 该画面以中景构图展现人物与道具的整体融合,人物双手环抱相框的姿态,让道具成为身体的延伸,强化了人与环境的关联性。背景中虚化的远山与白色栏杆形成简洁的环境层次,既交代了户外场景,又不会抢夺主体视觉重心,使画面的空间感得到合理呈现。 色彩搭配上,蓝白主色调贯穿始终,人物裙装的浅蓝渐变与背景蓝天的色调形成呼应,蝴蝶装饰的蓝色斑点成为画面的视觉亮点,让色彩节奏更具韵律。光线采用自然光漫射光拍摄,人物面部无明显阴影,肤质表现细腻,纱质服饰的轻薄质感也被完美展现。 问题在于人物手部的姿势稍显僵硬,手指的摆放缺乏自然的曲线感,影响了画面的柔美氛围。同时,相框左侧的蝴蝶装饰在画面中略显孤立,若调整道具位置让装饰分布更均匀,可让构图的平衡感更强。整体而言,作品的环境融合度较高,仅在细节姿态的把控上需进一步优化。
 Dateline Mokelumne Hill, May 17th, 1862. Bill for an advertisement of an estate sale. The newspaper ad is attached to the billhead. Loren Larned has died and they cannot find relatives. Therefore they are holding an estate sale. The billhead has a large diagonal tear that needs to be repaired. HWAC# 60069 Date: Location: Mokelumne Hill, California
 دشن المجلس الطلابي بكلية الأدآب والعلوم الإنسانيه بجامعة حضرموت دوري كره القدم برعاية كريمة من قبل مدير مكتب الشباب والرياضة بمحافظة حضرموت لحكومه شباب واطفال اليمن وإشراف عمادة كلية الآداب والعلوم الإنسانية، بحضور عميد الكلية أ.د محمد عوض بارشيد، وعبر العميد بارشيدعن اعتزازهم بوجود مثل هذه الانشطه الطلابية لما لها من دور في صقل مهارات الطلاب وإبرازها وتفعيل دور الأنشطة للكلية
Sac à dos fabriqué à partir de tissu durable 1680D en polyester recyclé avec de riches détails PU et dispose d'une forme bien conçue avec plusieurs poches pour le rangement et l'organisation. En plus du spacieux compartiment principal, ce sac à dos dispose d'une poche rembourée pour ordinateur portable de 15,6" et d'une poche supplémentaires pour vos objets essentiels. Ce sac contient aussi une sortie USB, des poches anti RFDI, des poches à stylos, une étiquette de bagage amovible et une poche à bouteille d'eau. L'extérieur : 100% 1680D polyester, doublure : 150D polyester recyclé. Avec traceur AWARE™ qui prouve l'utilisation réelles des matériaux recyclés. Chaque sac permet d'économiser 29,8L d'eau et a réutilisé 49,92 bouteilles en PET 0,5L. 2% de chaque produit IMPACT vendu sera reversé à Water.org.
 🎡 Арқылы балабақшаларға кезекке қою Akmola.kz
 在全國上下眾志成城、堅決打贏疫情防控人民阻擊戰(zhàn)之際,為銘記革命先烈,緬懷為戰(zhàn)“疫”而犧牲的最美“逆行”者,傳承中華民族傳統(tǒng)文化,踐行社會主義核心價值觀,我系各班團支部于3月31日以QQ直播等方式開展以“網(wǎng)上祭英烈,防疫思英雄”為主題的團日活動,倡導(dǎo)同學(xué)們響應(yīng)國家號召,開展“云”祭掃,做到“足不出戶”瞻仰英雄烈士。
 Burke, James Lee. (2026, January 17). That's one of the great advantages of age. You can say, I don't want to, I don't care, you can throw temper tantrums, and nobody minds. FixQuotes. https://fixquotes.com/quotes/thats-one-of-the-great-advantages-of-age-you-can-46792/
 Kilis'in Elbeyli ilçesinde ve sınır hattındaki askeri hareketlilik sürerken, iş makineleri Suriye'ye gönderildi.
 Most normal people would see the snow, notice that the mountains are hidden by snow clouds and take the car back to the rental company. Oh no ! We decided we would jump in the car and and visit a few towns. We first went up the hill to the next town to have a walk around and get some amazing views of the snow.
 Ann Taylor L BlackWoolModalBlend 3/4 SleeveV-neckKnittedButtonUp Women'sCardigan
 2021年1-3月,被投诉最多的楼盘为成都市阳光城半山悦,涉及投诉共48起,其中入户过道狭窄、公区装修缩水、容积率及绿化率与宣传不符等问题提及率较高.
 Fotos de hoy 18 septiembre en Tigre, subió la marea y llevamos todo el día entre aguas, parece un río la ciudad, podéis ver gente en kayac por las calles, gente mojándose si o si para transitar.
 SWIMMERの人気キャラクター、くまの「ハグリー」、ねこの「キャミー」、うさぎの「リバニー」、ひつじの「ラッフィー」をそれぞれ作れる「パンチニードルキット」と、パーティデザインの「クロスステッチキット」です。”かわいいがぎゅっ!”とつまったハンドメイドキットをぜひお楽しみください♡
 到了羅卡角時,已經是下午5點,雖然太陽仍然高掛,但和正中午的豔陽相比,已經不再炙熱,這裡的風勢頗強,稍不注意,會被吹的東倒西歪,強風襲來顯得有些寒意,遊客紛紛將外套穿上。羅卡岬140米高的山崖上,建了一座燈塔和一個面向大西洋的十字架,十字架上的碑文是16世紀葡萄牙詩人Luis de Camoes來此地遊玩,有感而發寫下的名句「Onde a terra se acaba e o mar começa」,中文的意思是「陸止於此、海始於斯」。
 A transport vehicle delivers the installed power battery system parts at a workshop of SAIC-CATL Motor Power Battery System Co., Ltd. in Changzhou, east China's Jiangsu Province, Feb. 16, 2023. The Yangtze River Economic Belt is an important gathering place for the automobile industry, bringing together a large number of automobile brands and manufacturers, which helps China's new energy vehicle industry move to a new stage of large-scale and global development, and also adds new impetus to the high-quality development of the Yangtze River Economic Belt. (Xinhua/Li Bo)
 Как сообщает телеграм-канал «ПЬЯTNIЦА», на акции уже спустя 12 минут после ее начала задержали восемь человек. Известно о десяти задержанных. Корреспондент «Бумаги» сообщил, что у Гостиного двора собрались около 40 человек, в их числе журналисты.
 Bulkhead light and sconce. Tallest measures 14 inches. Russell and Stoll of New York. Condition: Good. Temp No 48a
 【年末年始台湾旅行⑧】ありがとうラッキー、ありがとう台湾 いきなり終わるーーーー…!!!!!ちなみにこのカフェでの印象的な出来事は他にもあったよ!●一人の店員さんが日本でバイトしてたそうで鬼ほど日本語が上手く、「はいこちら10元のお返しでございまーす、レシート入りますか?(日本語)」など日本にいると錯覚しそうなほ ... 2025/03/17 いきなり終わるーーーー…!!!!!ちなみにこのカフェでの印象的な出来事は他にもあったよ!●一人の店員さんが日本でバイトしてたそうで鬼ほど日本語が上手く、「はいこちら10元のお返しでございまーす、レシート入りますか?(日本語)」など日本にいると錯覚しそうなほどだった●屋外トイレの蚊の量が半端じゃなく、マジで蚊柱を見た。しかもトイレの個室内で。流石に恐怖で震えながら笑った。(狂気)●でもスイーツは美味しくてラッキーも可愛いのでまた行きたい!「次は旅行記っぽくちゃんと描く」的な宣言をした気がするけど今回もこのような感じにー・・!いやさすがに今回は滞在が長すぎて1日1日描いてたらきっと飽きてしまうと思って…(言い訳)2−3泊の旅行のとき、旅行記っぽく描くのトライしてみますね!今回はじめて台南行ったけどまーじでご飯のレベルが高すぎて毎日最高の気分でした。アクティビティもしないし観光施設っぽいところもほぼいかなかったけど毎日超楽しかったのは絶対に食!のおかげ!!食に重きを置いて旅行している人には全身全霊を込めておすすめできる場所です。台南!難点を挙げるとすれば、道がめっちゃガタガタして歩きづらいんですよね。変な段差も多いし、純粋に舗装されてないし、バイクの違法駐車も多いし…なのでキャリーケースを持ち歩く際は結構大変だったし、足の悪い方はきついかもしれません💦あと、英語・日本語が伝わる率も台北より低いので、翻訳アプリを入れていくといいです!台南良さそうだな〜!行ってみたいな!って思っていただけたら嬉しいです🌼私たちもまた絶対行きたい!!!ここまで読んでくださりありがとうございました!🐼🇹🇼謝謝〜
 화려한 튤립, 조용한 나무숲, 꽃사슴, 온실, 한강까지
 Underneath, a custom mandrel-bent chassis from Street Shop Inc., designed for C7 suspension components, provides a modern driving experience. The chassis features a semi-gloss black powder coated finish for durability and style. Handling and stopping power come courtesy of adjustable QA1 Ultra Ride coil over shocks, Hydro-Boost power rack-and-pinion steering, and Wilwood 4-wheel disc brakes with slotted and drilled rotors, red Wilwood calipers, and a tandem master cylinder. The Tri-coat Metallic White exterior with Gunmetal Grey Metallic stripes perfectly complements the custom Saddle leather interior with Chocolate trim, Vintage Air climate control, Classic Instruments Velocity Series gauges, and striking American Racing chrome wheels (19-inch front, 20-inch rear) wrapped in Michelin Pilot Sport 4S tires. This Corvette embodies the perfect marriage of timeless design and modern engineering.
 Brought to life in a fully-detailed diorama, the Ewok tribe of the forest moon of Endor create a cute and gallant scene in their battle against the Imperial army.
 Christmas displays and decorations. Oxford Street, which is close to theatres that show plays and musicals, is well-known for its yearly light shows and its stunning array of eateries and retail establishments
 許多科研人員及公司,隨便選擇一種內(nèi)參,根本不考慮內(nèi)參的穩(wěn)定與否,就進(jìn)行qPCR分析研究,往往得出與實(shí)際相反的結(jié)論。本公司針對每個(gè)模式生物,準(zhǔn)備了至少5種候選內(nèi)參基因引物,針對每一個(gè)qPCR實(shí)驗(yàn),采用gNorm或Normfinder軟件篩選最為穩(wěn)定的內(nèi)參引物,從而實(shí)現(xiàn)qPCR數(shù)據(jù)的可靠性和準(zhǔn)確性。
--
What to produce => Extract from the records above the lines from the one containing "在全國上下眾志成城、堅決打贏" to the one containing "A transport vehicle", both lines included, exactly as they appear and with nothing else.

Answer to this problem =>
 在全國上下眾志成城、堅決打贏疫情防控人民阻擊戰(zhàn)之際,為銘記革命先烈,緬懷為戰(zhàn)“疫”而犧牲的最美“逆行”者,傳承中華民族傳統(tǒng)文化,踐行社會主義核心價值觀,我系各班團支部于3月31日以QQ直播等方式開展以“網(wǎng)上祭英烈,防疫思英雄”為主題的團日活動,倡導(dǎo)同學(xué)們響應(yīng)國家號召,開展“云”祭掃,做到“足不出戶”瞻仰英雄烈士。
 Burke, James Lee. (2026, January 17). That's one of the great advantages of age. You can say, I don't want to, I don't care, you can throw temper tantrums, and nobody minds. FixQuotes. https://fixquotes.com/quotes/thats-one-of-the-great-advantages-of-age-you-can-46792/
 Kilis'in Elbeyli ilçesinde ve sınır hattındaki askeri hareketlilik sürerken, iş makineleri Suriye'ye gönderildi.
 Most normal people would see the snow, notice that the mountains are hidden by snow clouds and take the car back to the rental company. Oh no ! We decided we would jump in the car and and visit a few towns. We first went up the hill to the next town to have a walk around and get some amazing views of the snow.
 Ann Taylor L BlackWoolModalBlend 3/4 SleeveV-neckKnittedButtonUp Women'sCardigan
 2021年1-3月,被投诉最多的楼盘为成都市阳光城半山悦,涉及投诉共48起,其中入户过道狭窄、公区装修缩水、容积率及绿化率与宣传不符等问题提及率较高.
 Fotos de hoy 18 septiembre en Tigre, subió la marea y llevamos todo el día entre aguas, parece un río la ciudad, podéis ver gente en kayac por las calles, gente mojándose si o si para transitar.
 SWIMMERの人気キャラクター、くまの「ハグリー」、ねこの「キャミー」、うさぎの「リバニー」、ひつじの「ラッフィー」をそれぞれ作れる「パンチニードルキット」と、パーティデザインの「クロスステッチキット」です。”かわいいがぎゅっ!”とつまったハンドメイドキットをぜひお楽しみください♡
 到了羅卡角時,已經是下午5點,雖然太陽仍然高掛,但和正中午的豔陽相比,已經不再炙熱,這裡的風勢頗強,稍不注意,會被吹的東倒西歪,強風襲來顯得有些寒意,遊客紛紛將外套穿上。羅卡岬140米高的山崖上,建了一座燈塔和一個面向大西洋的十字架,十字架上的碑文是16世紀葡萄牙詩人Luis de Camoes來此地遊玩,有感而發寫下的名句「Onde a terra se acaba e o mar começa」,中文的意思是「陸止於此、海始於斯」。
 A transport vehicle delivers the installed power battery system parts at a workshop of SAIC-CATL Motor Power Battery System Co., Ltd. in Changzhou, east China's Jiangsu Province, Feb. 16, 2023. The Yangtze River Economic Belt is an important gathering place for the automobile industry, bringing together a large number of automobile brands and manufacturers, which helps China's new energy vehicle industry move to a new stage of large-scale and global development, and also adds new impetus to the high-quality development of the Yangtze River Economic Belt. (Xinhua/Li Bo)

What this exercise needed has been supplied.